When STUDIO_ACCESS_TOKEN is set, the access gate protects every /api/* route. A few load-bearing details for proxy setups:
  • The token charset is restricted to [A-Za-z0-9._~-]. A token with any other character disables the gate (and logs a warning) rather than silently locking you out, so generate tokens from that set (e.g. openssl rand -hex 24).
  • The pathname prefix check is case-folded; /API/settings cannot bypass /api/ to reach a route unauthenticated.
  • Loopback /api/mcp/* requests are exempt (a spawned runtime attaches its MCP client from 127.0.0.1 with no cookie). Non-loopback /api/mcp/* still requires the token.

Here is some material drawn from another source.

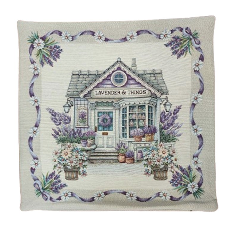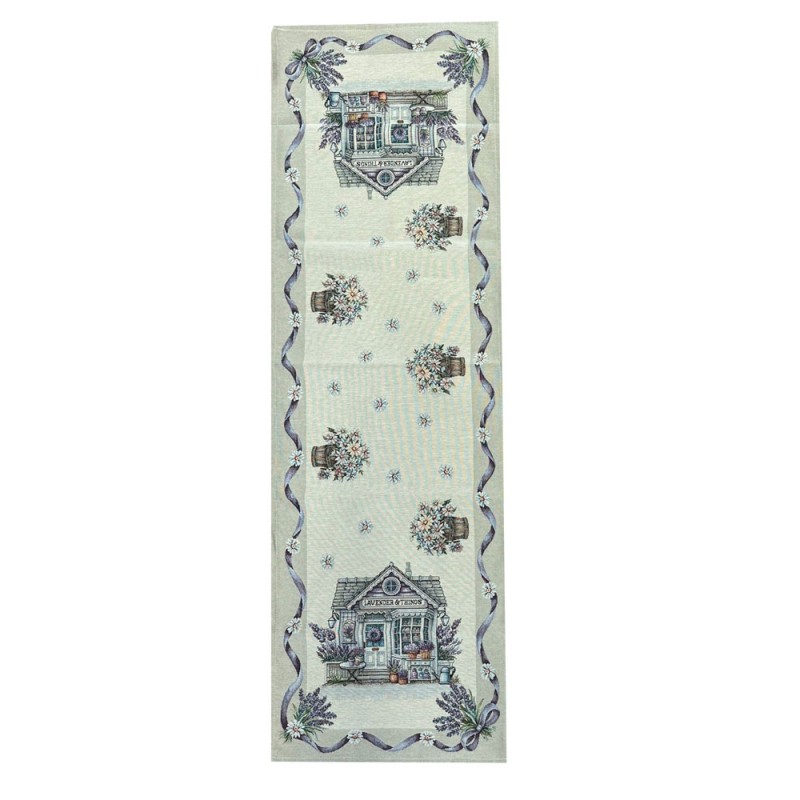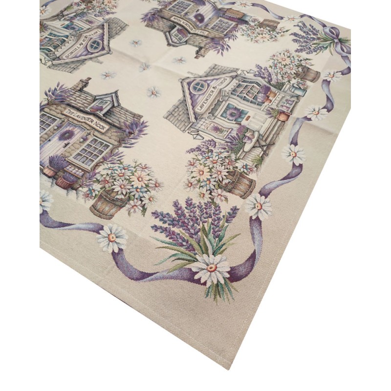 Set Lavanda composto da federa cuscino arredo 45x45cm, runner e centro, tessuto Gobelin da Pezzoli, made in Italy. Ottimi prodotti di qualità.

  • The gate sets Secure on its cookie only when the request arrived over TLS (X-Forwarded-Proto: https). If you terminate TLS at the proxy, forward that header so the secure-cookie path engages.

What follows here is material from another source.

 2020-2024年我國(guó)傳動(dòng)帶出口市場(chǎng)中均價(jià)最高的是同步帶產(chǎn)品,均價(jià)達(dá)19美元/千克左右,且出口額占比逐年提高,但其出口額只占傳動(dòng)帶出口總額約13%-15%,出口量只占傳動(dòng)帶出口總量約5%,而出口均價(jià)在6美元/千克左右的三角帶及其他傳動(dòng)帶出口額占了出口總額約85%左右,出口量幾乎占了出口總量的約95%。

For the front-end proxy itself, forward both HTTP and the WebSocket upgrade for /api/gateway/ws:
# nginx sketch — terminate TLS, forward to the loopback Clawboo server
location / {
    proxy_pass http://127.0.0.1:18790;
    proxy_set_header Host $host;
    proxy_set_header X-Forwarded-Proto $scheme;
    # WebSocket upgrade for the Gateway proxy
    proxy_http_version 1.1;
    proxy_set_header Upgrade $http_upgrade;
    proxy_set_header Connection "upgrade";
}
Bind Clawboo to loopback and let the proxy be the only network-facing surface, or bind it wide and protect it with STUDIO_ACCESS_TOKEN, full details in Security.

Verify it worked

  • Hit GET /api/settings; a 200 with { gatewayUrl, hasToken } confirms the server is up and Clawboo-shaped.

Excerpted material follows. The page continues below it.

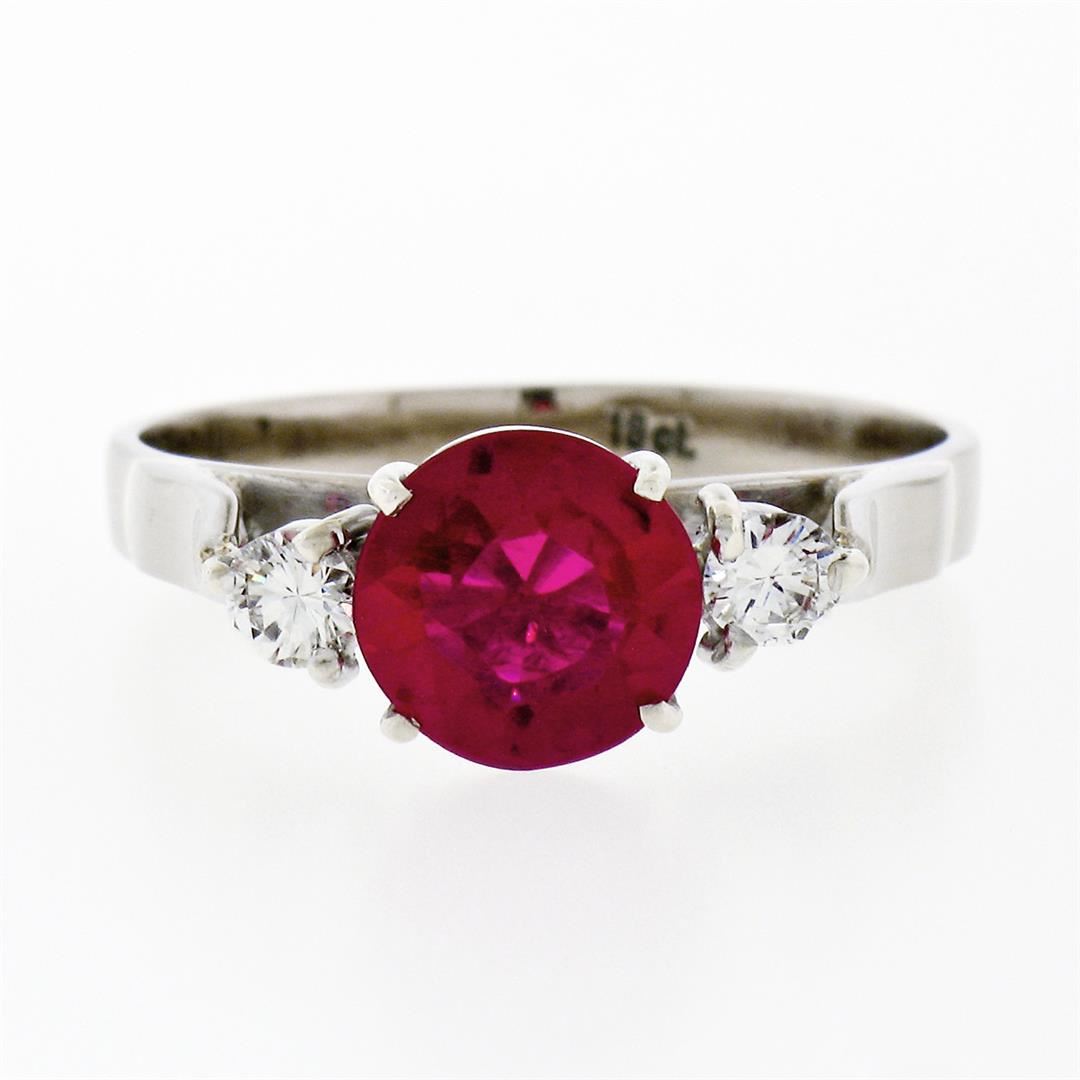 A vintage solid 18k white gold 3 stones ring, with 1 old round cut red stone (7.50mm), and 2 round brilliant cut natural diamonds (F/G- VS1/VS2; 0.22ctw). The ring is size 8.0, weighs a total of 3.60 grams, and measures 7.50mm wide.

  • Hit GET /api/health, the boot probe report ({ ok, degraded, fatal, checks, ... }). ok: true means no fatal checks failed; the report also surfaces the resolved state dir, vault, db, and port.
  • Confirm the port file exists: cat ~/.clawboo/api-port.txt.

Troubleshooting

CLAWBOO_API_PORT=N is already in use; an explicitly pinned port gets no fallback. Free that port, pick another, or unset CLAWBOO_API_PORT to auto-scan.
npx clawboo opens a 401 or an unrelated page. Older launchers used a bare TCP probe and could route to the Gateway’s aux ports or Chrome’s debug port. The current launcher validates GET /api/settings, so make sure you are on a build that ships the HTTP-signature probe (v0.1.2+). If a stale api-port.txt points at a dead port, the launcher re-scans; delete the file if it persists.
Deleting ~/.clawboo deletes all Clawboo state: the database (board, memory, registry), the encrypted vault, and worktrees. There is no migration/repair path; a delete is a clean reset that re-triggers onboarding.